YOUR GOAL » A full, word-for-word copy of the listing below is needed; leave the images out of it.

GIVEN MATERIAL »
....
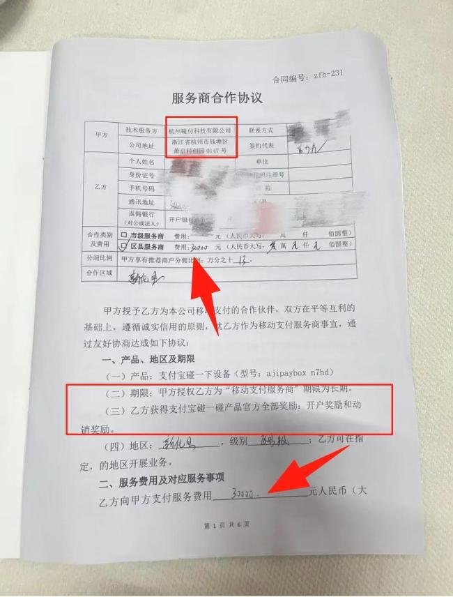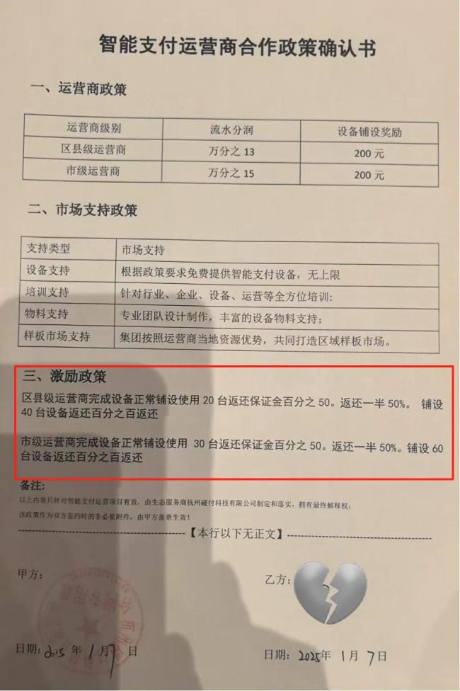 裕裕告诉记者:“在会议现场,工作人员不断强调这是支付宝官方项目,宣称投资3万元可获得30台刷卡机,通过商户刷卡流水赚取分润,简单说就是只要参与合作代理就能挣很多钱,而且对方承诺几天内可退款。在对方的再三劝说下我签了一份交易合同。”
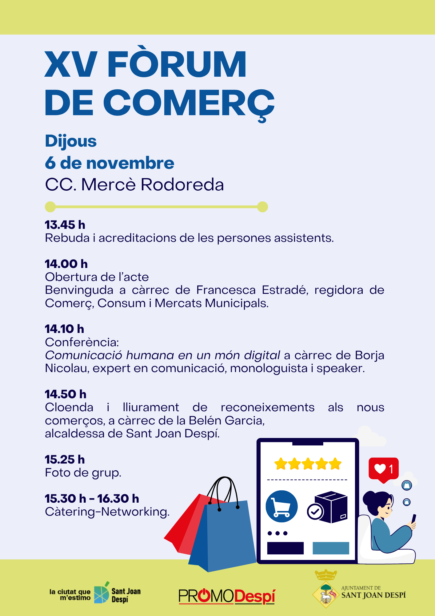 Cada any l’Ajuntament de Sant Joan Despí, amb l’objectiu de promoure l’activitat comercial al territori, organitza el Fòrum de Comerç. L’objectiu del Fòrum és fer balanç de la situació local en termes de consum, afavorir espais de trobada per dialogar, intercanviar opinions, reflexionar i compartir experiències que permetin establir nous contactes i alhora tractar temes d’interès general.
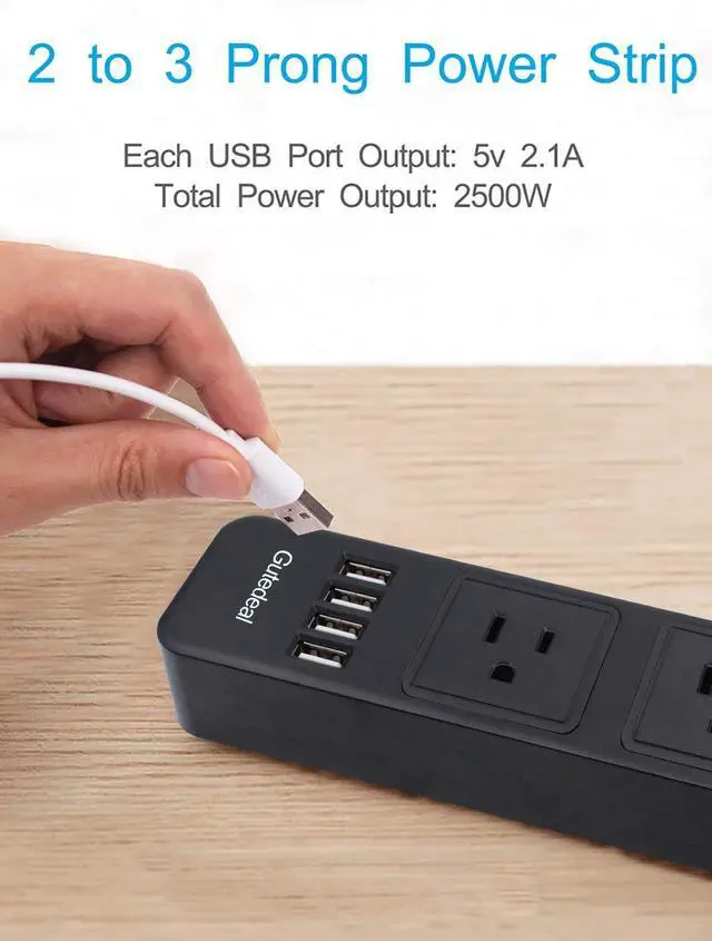 2 Prong to 3 Prong Power Strip: Built-in 4 fast charge USB ports, each USB port can output 5V 2.1A, supporting the charging of 4 phones or 2 tablets at the same time. Charge all your devices quickly and efficiently.
....
RESPONSE FOR THIS EXERCISE »
 裕裕告诉记者:“在会议现场,工作人员不断强调这是支付宝官方项目,宣称投资3万元可获得30台刷卡机,通过商户刷卡流水赚取分润,简单说就是只要参与合作代理就能挣很多钱,而且对方承诺几天内可退款。在对方的再三劝说下我签了一份交易合同。”
 Cada any l’Ajuntament de Sant Joan Despí, amb l’objectiu de promoure l’activitat comercial al territori, organitza el Fòrum de Comerç. L’objectiu del Fòrum és fer balanç de la situació local en termes de consum, afavorir espais de trobada per dialogar, intercanviar opinions, reflexionar i compartir experiències que permetin establir nous contactes i alhora tractar temes d’interès general.
 2 Prong to 3 Prong Power Strip: Built-in 4 fast charge USB ports, each USB port can output 5V 2.1A, supporting the charging of 4 phones or 2 tablets at the same time. Charge all your devices quickly and efficiently.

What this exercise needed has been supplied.